Stereotactic body radiation therapy for melanoma and renal cell carcinoma: impact of single fraction equivalent dose on local control

Abstract

Background: Melanoma and renal cell carcinoma (RCC) are traditionally considered less radioresponsive than other histologies. Whereas stereotactic body radiation therapy (SBRT) involves radiation dose intensification via escalation, we hypothesize SBRT might result in similar high local control rates as previously published on metastases of varying histologies.

Methods: The records of patients with metastatic melanoma (n = 17 patients, 28 lesions) or RCC (n = 13 patients, 25 lesions) treated with SBRT were reviewed. Local control (LC) was defined pathologically by negative biopsy or radiographically by lack of tumor enlargement on CT or stable/declining standardized uptake value (SUV) on PET scan. The SBRT dose regimen was converted to the single fraction equivalent dose (SFED) to characterize the dose-control relationship using a logistic tumor control probability (TCP) model. Additionally, the kinetics of decline in maximum SUV (SUVmax) were analyzed.

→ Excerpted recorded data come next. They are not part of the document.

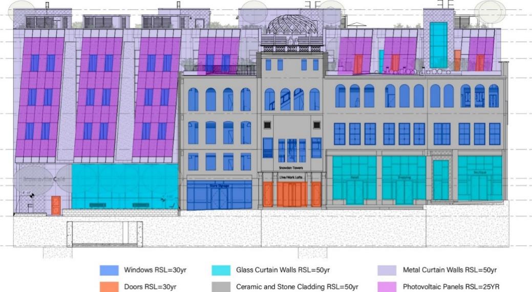 按參考使用壽命(RSL)劃分的Snowdon大樓建築外立面材料分類圖
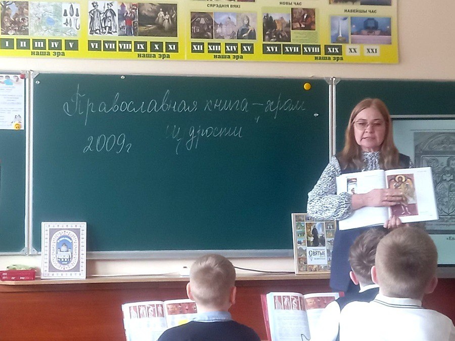 Ребята совершили увлекательное путешествие в историю: узнали, как создавались первые рукописные книги, и кто стоял у истоков книгопечатания на Руси и в Беларуси. Главной темой встречи стал разговор о том, что настоящая книга — это не просто источник информации, а настоящий «храм мудрости», который учит нас добру, милосердию и любви к ближнему. На выставке «Живое слово мудрости духовной» были представлены книги для семейного чтения, жития святых и художественные произведения православных авторов. Завершилась встреча просмотром фильма Аркадия Мамонтова «Пояс Богородицы. Послесловие», который помог ребятам лучше понять роль Божией Матери в истории и душе православного человека. Встреча прошла в теплой и дружественной атмосфере, оставив в сердцах школьников светлые впечатления.
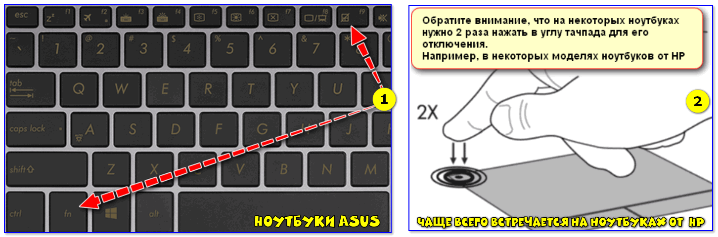 - Acer: Fn+F7 (либо в свойствах мышки);
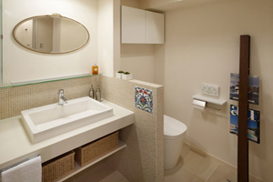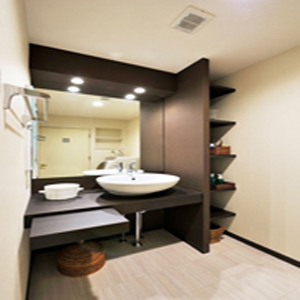 不同尋常將洗臉臺(tái)下方的空間改造成似儲(chǔ)物格一樣的空間,日用品及家居用品都找到了安放的位置,達(dá)到了空間的最大化利用。洗臉臺(tái)的一側(cè),既可擺放物品又可作為臨時(shí)的工作區(qū),休閑區(qū),實(shí)用度得到了最大的提升。
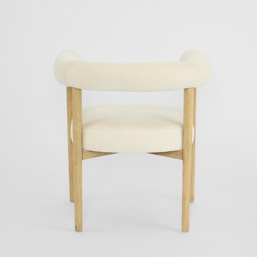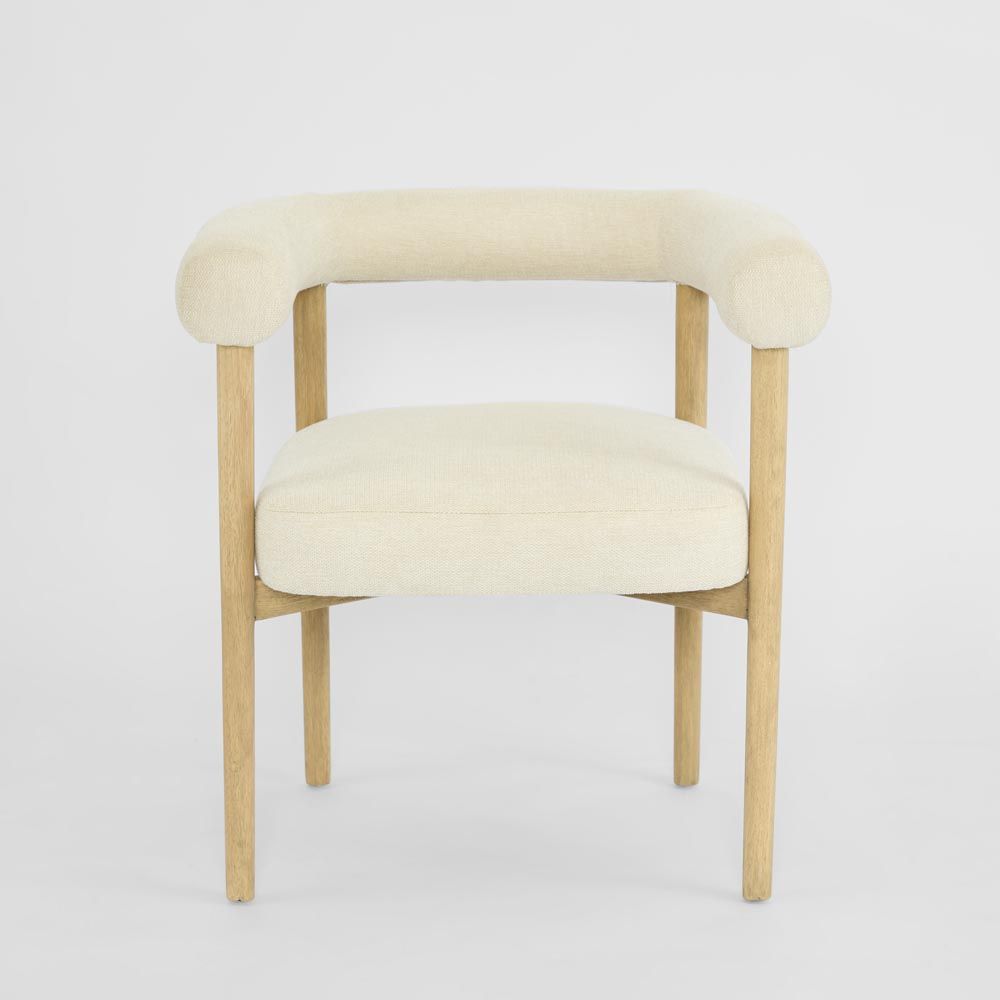 Dine in ultimate style and comfort with our Natural Manningham Dining Chair. This minimalist marvel flawlessly combines comfort with cool design, boasting a soft cushioned seat and a tubular cushion that seamlessly integrates both armrests and backrest. The muted color palette perfectly complements the sophisticated natural wooden legs, infusing your dining room with a touch of warmth and modernity.
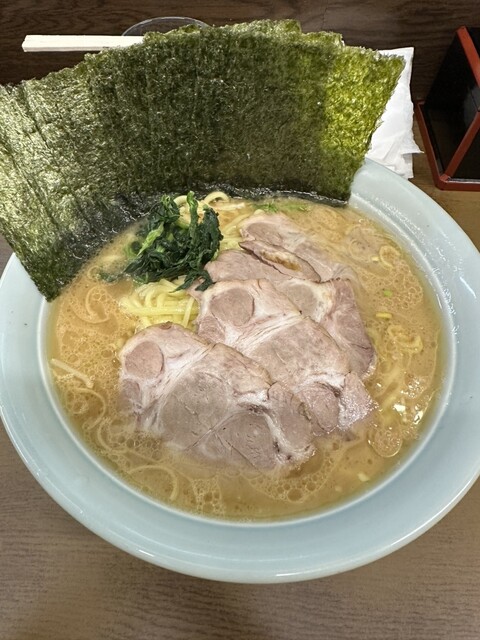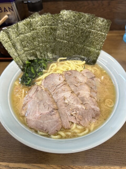 ラーメン中盛りかため、チャーシュー、海苔増しトッピング注文。
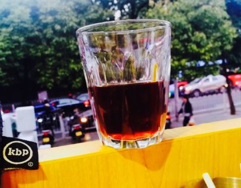 - 冰茶酸酸甜甜,是很舒适的夏日饮品,而且搭配蛋糕吃也可解腻。蛋糕是酸奶芝士,不功不过

Results: The SBRT regimen was 40-50 Gy/5 fractions (n = 23) or 42-60 Gy/3 fractions (n = 30) delivered to lung (n = 39), liver (n = 11) and bone (n = 3) metastases. Median follow-up for patients alive at the time of analysis was 28.0 months (range, 4-68). The actuarial LC was 88% at 18 months. On univariate analysis, higher dose per fraction (p < 0.01) and higher SFED (p = 0.06) were correlated with better LC, as was the biologic effective dose (BED, p < 0.05). The actuarial rate of LC at 24 months was 100% for SFED ≥45 Gy v 54% for SFED <45 Gy. TCP modeling indicated that to achieve ≥90% 2 yr LC in a 3 fraction regimen, a prescription dose of at least 48 Gy is required. In 9 patients followed with PET scans, the mean pre-SBRT SUVmax was 7.9 and declined with an estimated half-life of 3.8 months to a post-treatment plateau of approximately 3.

Conclusions: An aggressive SBRT regimen with SFED ≥ 45 Gy is effective for controlling metastatic melanoma and RCC. The SFED metric appeared to be as robust as the BED in characterizing dose-response, though additional studies are needed. The LC rates achieved are comparable to those obtained with SBRT for other histologies, suggesting a dominant mechanism of in vivo tumor ablation that overrides intrinsic differences in cellular radiosensitivity between histologic subtypes.

Figure 1

Local Control. Actuarial local control for both melanoma and RCC lesions

Figure 2

Tumor Control Probability. Tumor Control Probability graphs generated from dose response relationship modeling. Doses to individual lesions were grouped into tertile bins and the x-axis value was the mean dose given in that bin, expressed as either (a) SFED or (b) BED. The y-axis value was the probability of LC at 12 months.

Figure 3

Overall survival. Actuarial overall survival of patients based on disease state. Oligometastatic disease was defined as three or less metastases in which all site of disease were treated with aggressive local therapy. Extensive disease was defined as patients with more than three sites of metastases.

Figure 4

Change in SUV for controlled lesions. The Standardized uptake values were plotted with pre-treatment PET used for planning as time 0. Follow-up PET/CT's were fused and SUV was generated for each treated lesion that was controlled. An exponential equation was generated revealing a post-treatment baseline level of activity of 2.6 at 7 months.